The conditions on the pitch started to get muddy very quickly, which partially resulted in Madrid's comeback. Alex McLeish of Aberdeen passed the ball back to goalkeeper Jim Leighton, but it became stuck in the mud part way in the penalty area. Leighton rushed out from the goal line to claim the ball but took down Madrid striker Santillana in the process. A penalty was awarded by the referee. Real's captain Juanito scored the penalty to put Madrid level. Madrid dominated the remainder of the half, with John Metgod and Uli Stielike looking particularly comfortable in defence and midfield, respectively.

====Second half====
The teams were equally matched during the first part of the second half. Strachan led another Aberdeen attack in the 55th minute, passing it to Peter Weir who took the ball down the flank. His cross back to Strachan was met by a volley, but it deflected off Agustín's legs. Aberdeen immediately attacked once more, with Weir moving again down the flank, but his cross was met with a header by Black who sent the ball over after already moving into an offside position. In the 80th minute, Weir created another opening with a further cross. This time it was caught by Agustín. The goalkeeper momentarily dropped the ball, but dived onto it before any Aberdeen players could take advantage of the mistake.

====Extra time====
Normal time finished at 1–1, sending the match into extra time. The winning goal came in the 112th minute. Weir passed the ball to Mark McGhee, who took the ball down the left wing. He crossed it into the box towards substitute John Hewitt. He threw himself into the path of the ball and connected with a glancing header to put Aberdeen ahead once more.

====Details====
11 May 1983
Aberdeen SCO 2-1 ESP Real Madrid
  Aberdeen SCO: Black 7', Hewitt 112'
  ESP Real Madrid: Juanito 14' (pen.)

| GK | 1 | SCO Jim Leighton |
| RB | 2 | SCO Doug Rougvie |
| CB | 5 | SCO Alex McLeish |
| CB | 6 | SCO Willie Miller (c) |
| LB | 3 | SCO John McMaster |
| RM | 4 | SCO Neale Cooper |
| CM | 7 | SCO Gordon Strachan |
| CM | 8 | SCO Neil Simpson |
| LM | 11 | SCO Peter Weir |
| CF | 10 | SCO Eric Black | | |
| CF | 9 | SCO Mark McGhee |
Substitutes:
| DF | 12 | SCO Stuart Kennedy |
| GK | 13 | SCO Bryan Gunn |
| MF | 14 | SCO Andy Watson |
| FW | 15 | SCO John Hewitt | | |
| MF | 16 | SCO Ian Angus |
Manager:
SCO Alex Ferguson
| GK | 1 | ESP Agustín |
| RB | 2 | ESP Juan José |
| CB | 4 | NED John Metgod |
| CB | 5 | ESP Paco Bonet |
| LB | 3 | ESP José Antonio Camacho | | |
| RM | 8 | ESP Ángel |
| CM | 6 | ESP Ricardo Gallego | |
| CM | 10 | FRG Uli Stielike |
| LM | 11 | ESP Isidro | | |
| CF | 7 | ESP Juanito |
| CF | 9 | ESP Santillana (c) |
Substitutes:
| DF | 12 | ESP José Antonio Salguero | | |
| GK | 13 | ESP Miguel Ángel |
| DF | 14 | ESP Isidoro San José | | |
| MF | 15 | ESP Francisco García Hernández |
| FW | 16 | ESP Ito |
Manager:
ARG ESP Alfredo Di Stéfano

| | Match rules *90 minutes. *30 minutes of extra time if necessary. *Penalty shoot-out if score still tied. *Five named substitutes. *Maximum of two substitutions. |

==Post-match==
The local police reported that only five arrests were made of fans for being drunk and disorderly.

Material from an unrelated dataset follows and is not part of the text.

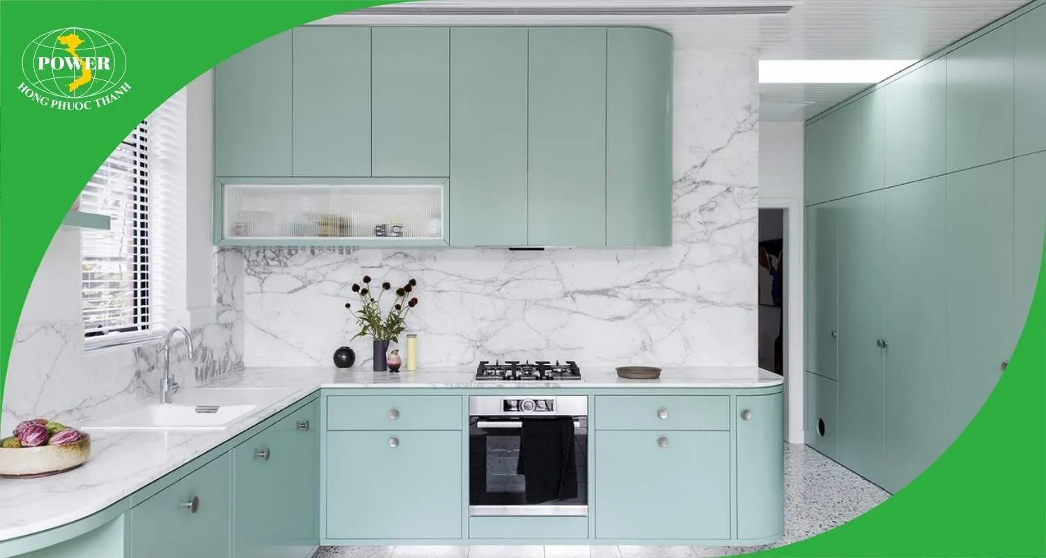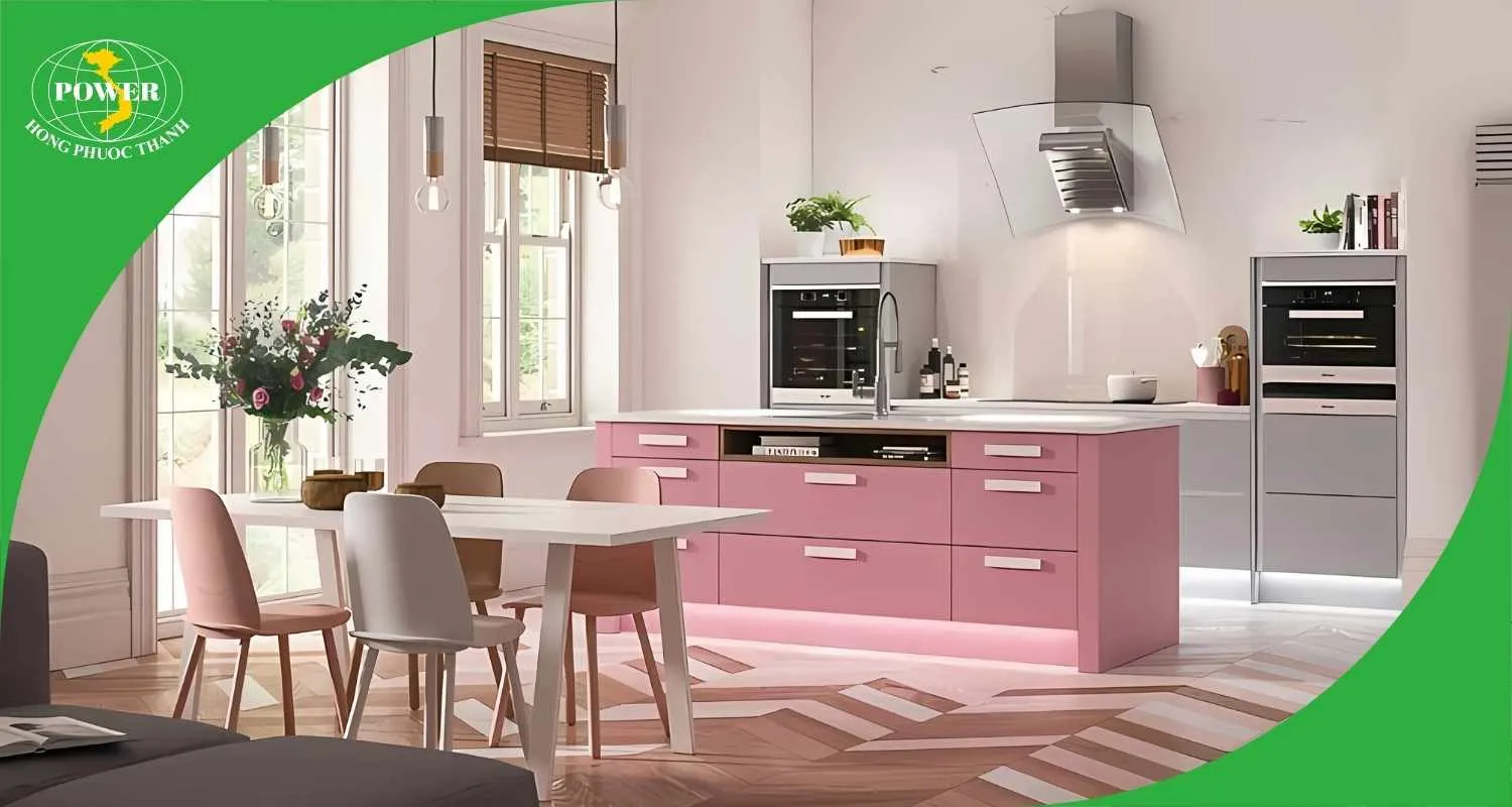 Mẫu nhà bếp đẹp kế tiếp là mẫu nhà bếp có tone màu pastel, dành cho những ai yêu thích sự dịu dàng và thanh thoát. Một số gam màu mang lại cảm giác thư giãn mà bạn có thể tham khảo: hồng phấn, xanh mint, kem sữa, vàng nhạt,…

Nils Klintenberg, the police commander, said "There were no problems. We were pleased to have them here." One Aberdeen supporter collapsed following the first goal and died.

After the game legendary Madrid coach Alfredo Di Stéfano conceded the better team had won and commented; "Aberdeen have what money can't buy; a soul, a team spirit built in a family tradition."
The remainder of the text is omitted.